October 13, 2022 Download PDF

On October 11, 2022, Treasury’s Financial Crimes Enforcement Network (“FinCEN”) and the Office of Foreign Assets Control (“OFAC”) announced resolutions with Bittrex, Inc. (“Bittrex”) for violations of the Bank Secrecy Act/AML laws and OFAC sanctions.[1] OFAC announced a $24,280,829.20 penalty, while FinCEN announced a $29,280,829.20 penalty, though FinCEN credited the full amount Bittrex agreed to pay OFAC against its own penalty, making the total amount Bittrex agreed to pay $29,280,829.20.

The combined penalties represents the largest fine yet levied by the U.S. government against a crypto business for violating sanctions.[2] This also represents the first set of coordinated enforcement actions by FinCEN and OFAC in the crypto space, and is further evidence of heightened federal government focus on crypto-related enforcement, most notably with the Justice Department’s formation of a National Cryptocurrency Enforcement Team by veteran DOJ official Eun Young Choi earlier this year.[3]  
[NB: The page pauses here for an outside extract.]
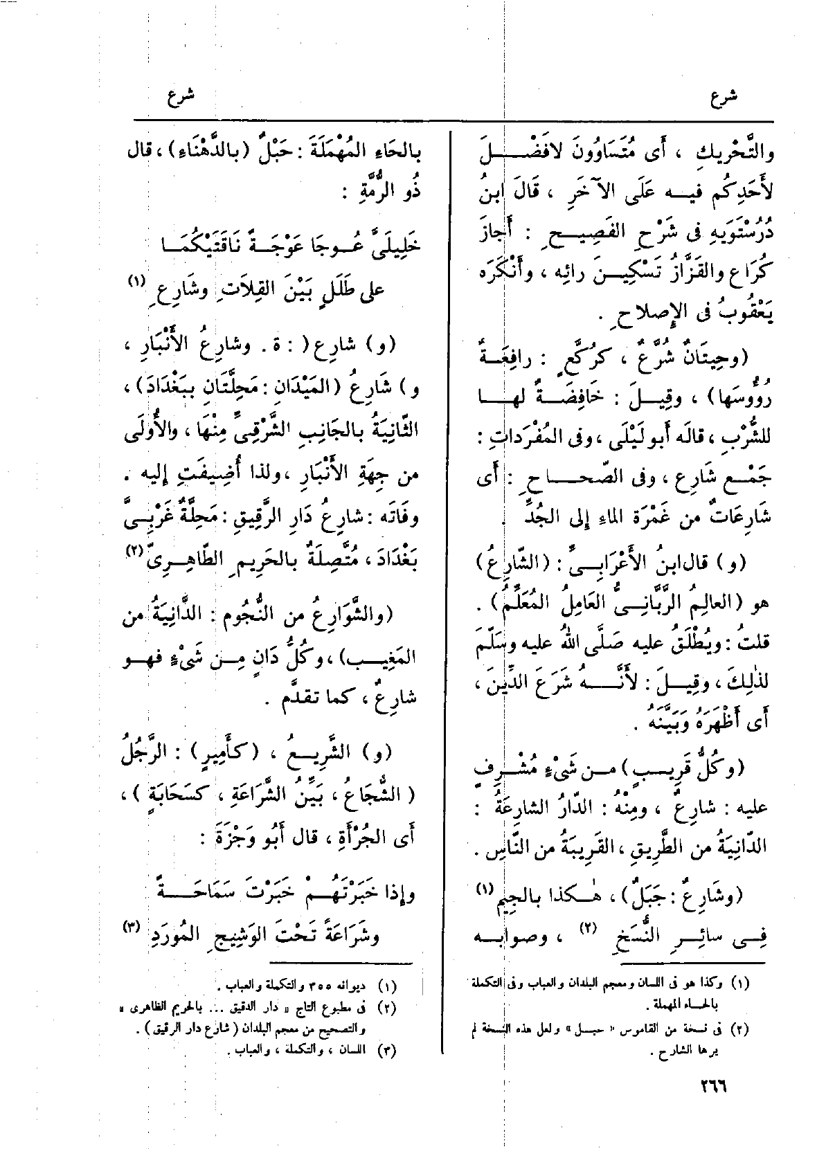 شارِع: ة. وشارِعُ الأَنْبار، وشارِعُ المَيْدان: محَلَّتانِ بِبَغْدَاد، الثانيةُ بالجانبِ الشَّرقيِّ مِنْهَا، والأُولى من جهةِ الأنبار، وَلذَا أُضيفَت إِلَيْهِ. وفاتَه: شارِعُ دارِ الرَّقيق: مَحِلَّةٌ غَرْبِيَّ بَغْدَاد، مُتَّصِلَةٌ بالحَريم الطاهِرِيّ. والشَّوارِعُ من النُّجُوم: الدانيةُ من المَغيب، وكلُّ دانٍ من شيءٍ فَهُوَ شارِعٌ، كَمَا تقدّم. الشَّريع، كأميرٍ: الرجلُ الشُّجاع، بَيِّنُ الشَّراعَة، كَسَحَابةٍ، أَي الجُرْأَة، قَالَ أَبُو وَجْزَة:

Key practice notes for U.S. companies—and non-U.S. companies that engage in U.S. nexus transactions—include the following:

  • Screening against OFAC’s List of Specially Designated Nationals and Blocked Persons (the “SDN List”) is not sufficient to ensure compliance with U.S. sanctions.  OFAC expects companies to use information they obtain in the normal course to screen for persons or entities located in comprehensively sanctioned jurisdictions as well.
  • Entities transacting in “Anonymity-Enhanced” Cryptocurrencies (“AECs”) should take care to fully address the enhanced risks posed by such currencies.
  • Substantial improvements and enhancements to an entity’s compliance program can help mitigate the magnitude of a penalty even if a regulator has determined that violations occurred during the relevant time period.

Bittrex is a U.S.-based owner and operator of a cryptocurrency trading platform, which facilitates trading in over 250 cryptocurrencies and includes a digital wallet service for storing and transferring various cryptocurrencies.[4] During an almost five-year period from February 2014 through December 2018, Bittrex facilitated almost 546 million trades, including transactions involving over $17 billion worth of bitcoin.[5]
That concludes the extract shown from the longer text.